Authors: Anne Bennett
‘No,’ Danny said. ‘But best not say a word to Mammy anyway.’
It wasn’t long after this that Phelan began arguing with his parents. It was mainly because he wanted to go out at night and didn’t always want to say where he went or what time he would be back. Danny told his parents to go easy on him. ‘He works hard enough through the day and this is his leisure time,’ he told them. ‘It’s a stab at independence, I mind I was the same at his age.’
‘You never went far,’ Connie said.
‘Well, how far can Phelan get in the two or three hours he’s out? He’s probably at a neighbour’s house. He can’t go much further away, I mean, no harm will come to him.’
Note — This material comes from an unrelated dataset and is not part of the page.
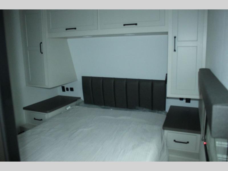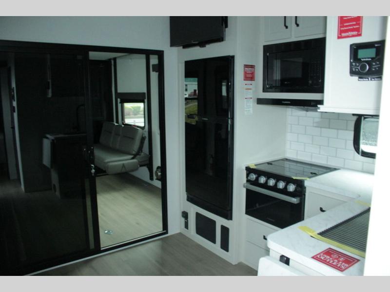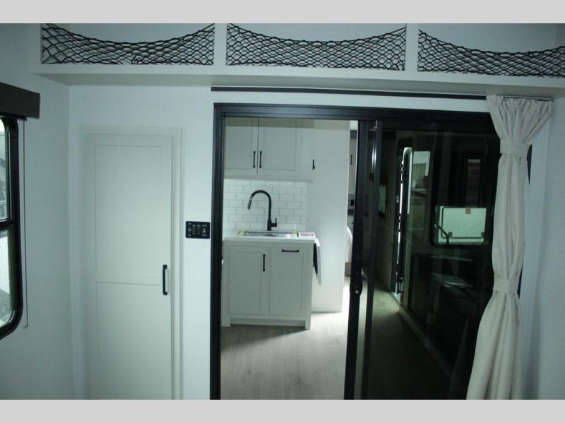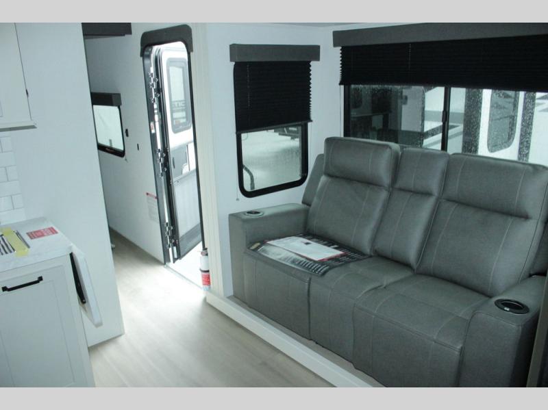 Start your engines for a fun weekend with your toys and your family in this Momentum G-Class toy hauler. The 11' separate garage includes Happi-Jac rollover sofas with a table and an optional top bed, plus a flip-up pet dish for your furry friends! There is even a second entry door which leads directly into the garage so that you don't have to walk through the entire trailer just to get to your cargo. In the front of this unit, you will have your own master suite that has private access to the residential walk-in shower in the dual-entry bathroom. The main living and kitchen area offers everything you need and would want, including theater seating and a TV with storage above the refrigerator!

Danny saw no cause for concern and Rosie, who did, told herself she was making a mountain out of a molehill. The nights were still light enough through August and what could be nicer than walking the hills and dales of Wicklow on a balmy summer’s evening?
By the end of August it was the harvest, and that meant all hands to the pump. There was little time to blow one’s nose, never mind go out for a wee stroll, and Phelan was as tired as the rest at the day’s end and just as anxious to lie in his bed as his elder brother and father.
With the harvest safely in, there was the bog turf to cut and stockpile for the winter. Matt kept his youngest son hard at it beside him, mending fences, whitewashing the cottage and barn, repairing thin areas of the thatch, and any other jobs he could think of.
If Matt was hoping to tire Phelan out by his actions, he was mistaken, for Phelan was toughened by his work on the farm and as the nights drew in he began once more to spend many of his evenings away from the cottage. Connie often wondered where he found to go – if it was just to a neighbour’s house, as Danny thought, then why couldn’t he say so?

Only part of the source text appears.